=== Work to complete ===
Only the pictures are to be omitted; everything else in the listing must be reproduced exactly.

----- Input data -----

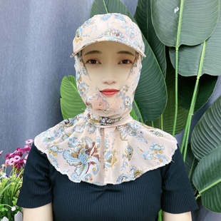 防晒帽子潮夏季 出游户外骑车太阳帽遮脸防紫外线披肩隔离罩防护帽
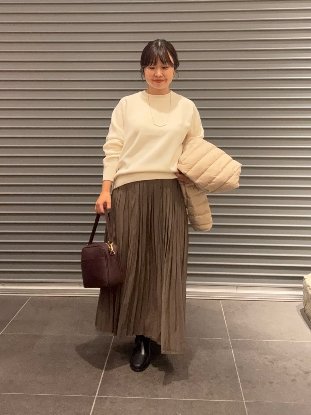 ランダムプリーツスカートはウエスト総ゴムで楽に履けてキレイ見えするので、お仕事服にも。
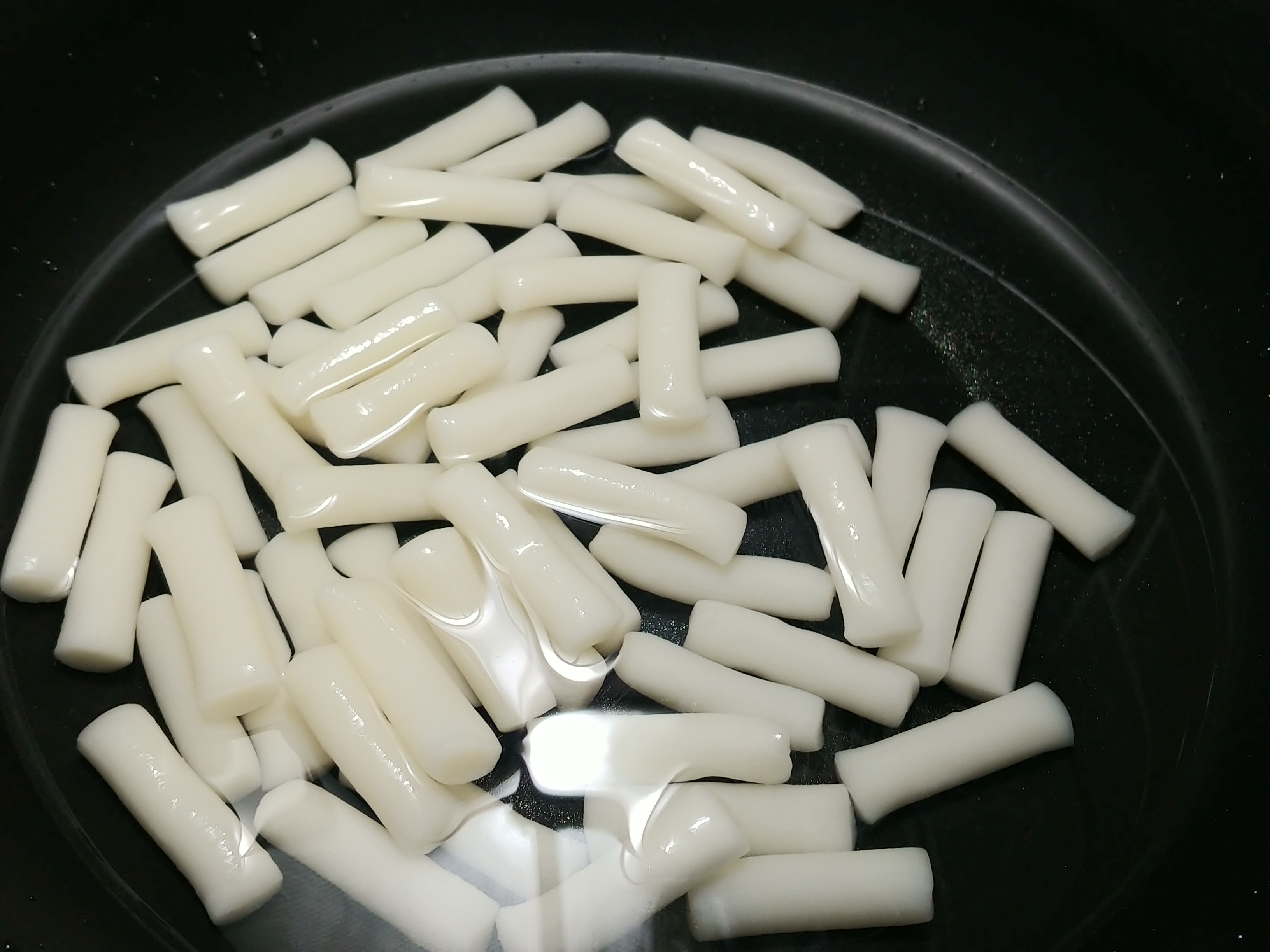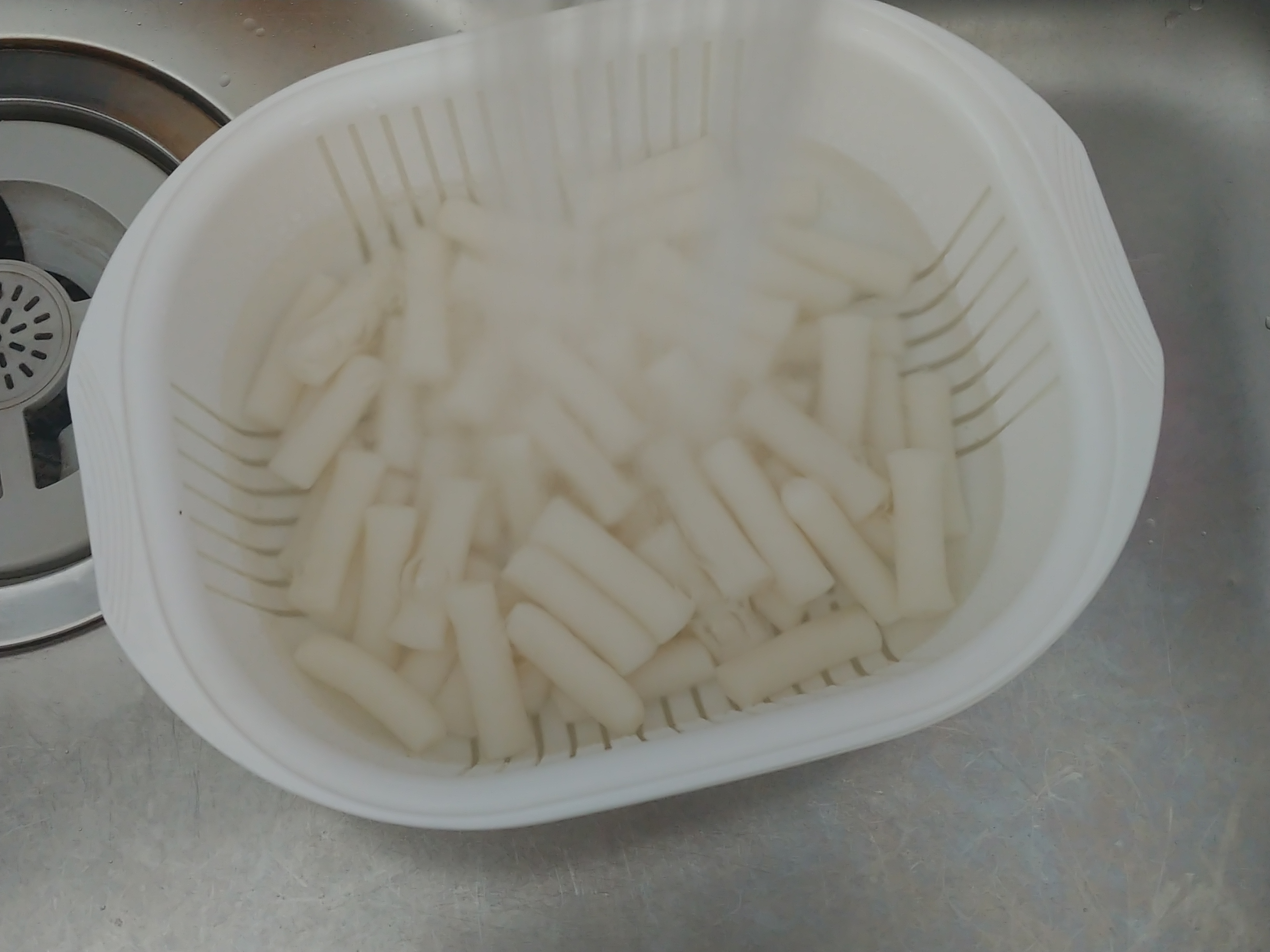 1) 떡 300g(2인분)을 물에 헹구어 건져내기.

-----

=== Task output ===
 防晒帽子潮夏季 出游户外骑车太阳帽遮脸防紫外线披肩隔离罩防护帽
 ランダムプリーツスカートはウエスト総ゴムで楽に履けてキレイ見えするので、お仕事服にも。
 1) 떡 300g(2인분)을 물에 헹구어 건져내기.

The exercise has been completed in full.